The Charter Members organized the Society in order to apply to the Board of Freeholders and the State Legislature for funds to erect a monument in Greenwich to the memory of the brave Patriots who burned the tea on December 22, 1774.
The Society Headquarters was then located on the top floor of the Cumberland County Court House.
In 1947, the Wood family of Philadelphia leased the Wood Mansion in Greenwich to the Society for its Headquarters. Its artifacts and accumulated records were moved to Greenwich.
On June 19, 1969 the Society acquired the Gibbon House and its barn on Ye Greate Street. Several years later a Swedish log farm building (circa 1650) was moved to this site. Each year, the Annual Craft fair is held on the grounds of the Gibbon House.

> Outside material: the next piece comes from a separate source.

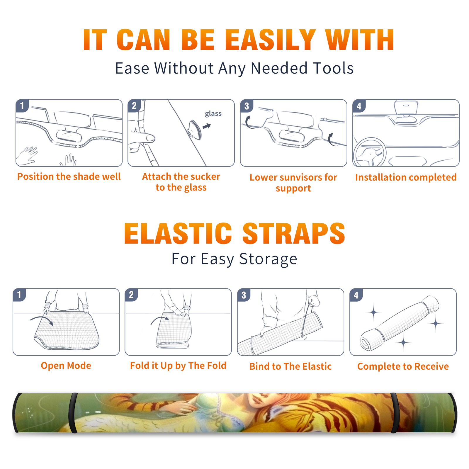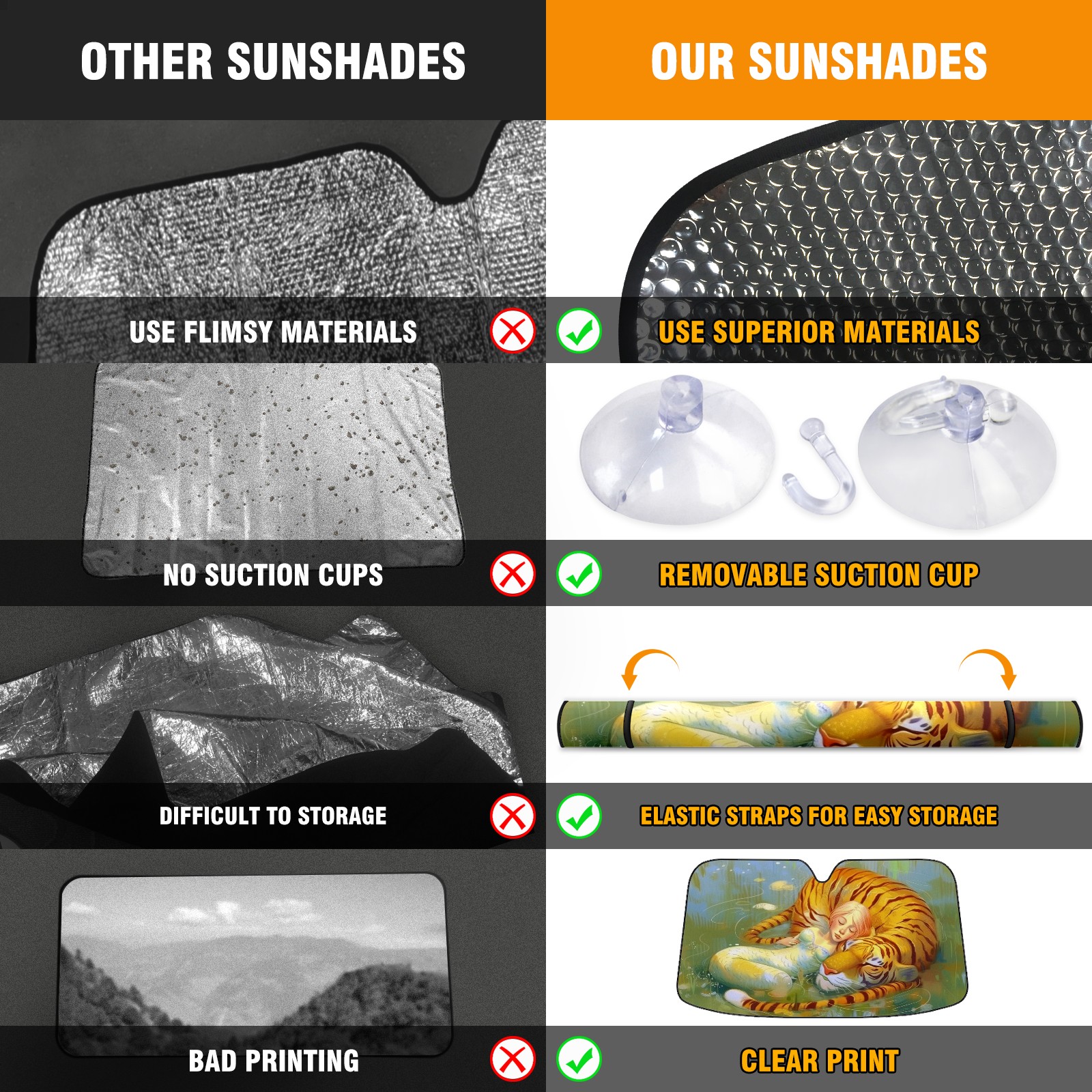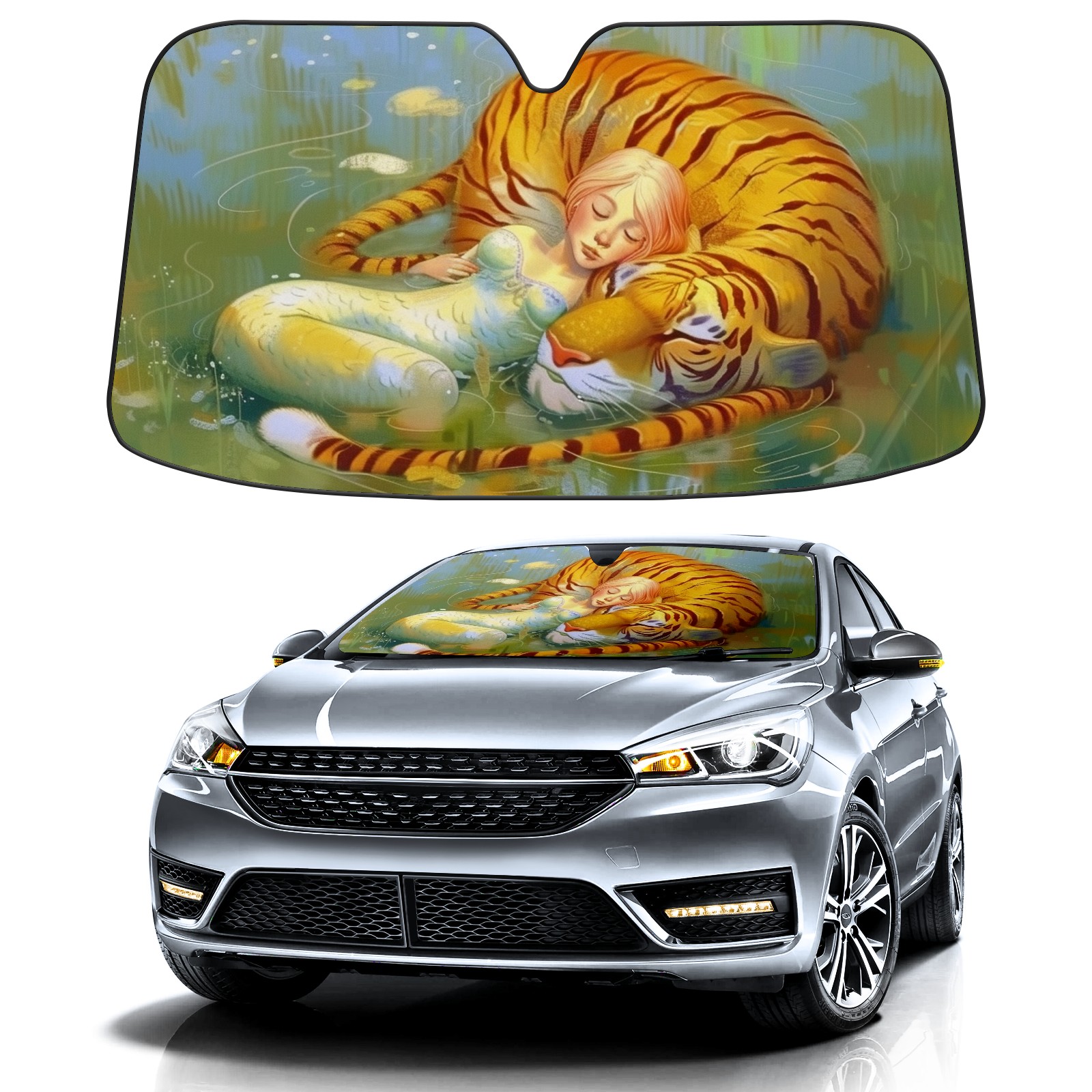 Car Windshield Sun Shade for Front Window Tiger Foldable Vehicle Windshield Car Sun Visor Covers Automotive Window Protector Car Privacy Sun Blocker

A Maritime Museum has been established in the former Lecture Room which was built by the congregation of the Greenwich Presbyterian Church in 1852 and presently displays artifacts relating to the waterways of the area.
Following the purchase of the former Greenwich branch bank in 1993, the voluminous collection of genealogical material, rare books, deeds and maps previously displayed in the Pirate House were transferred to this commodious building which is now known as the Warren Lummis Genealogical & Research Library.
The Society also maintains surveillance of the Tea Burners Monument in Greenwich for the Board of Chosen Freeholders. The Cumberland County Liberty Bell is exhibited by the Society in the Court House lobby. The Society serves as administrator for Potter’s Tavern in Bridgeton and for the Old Stone Church in Fairfield.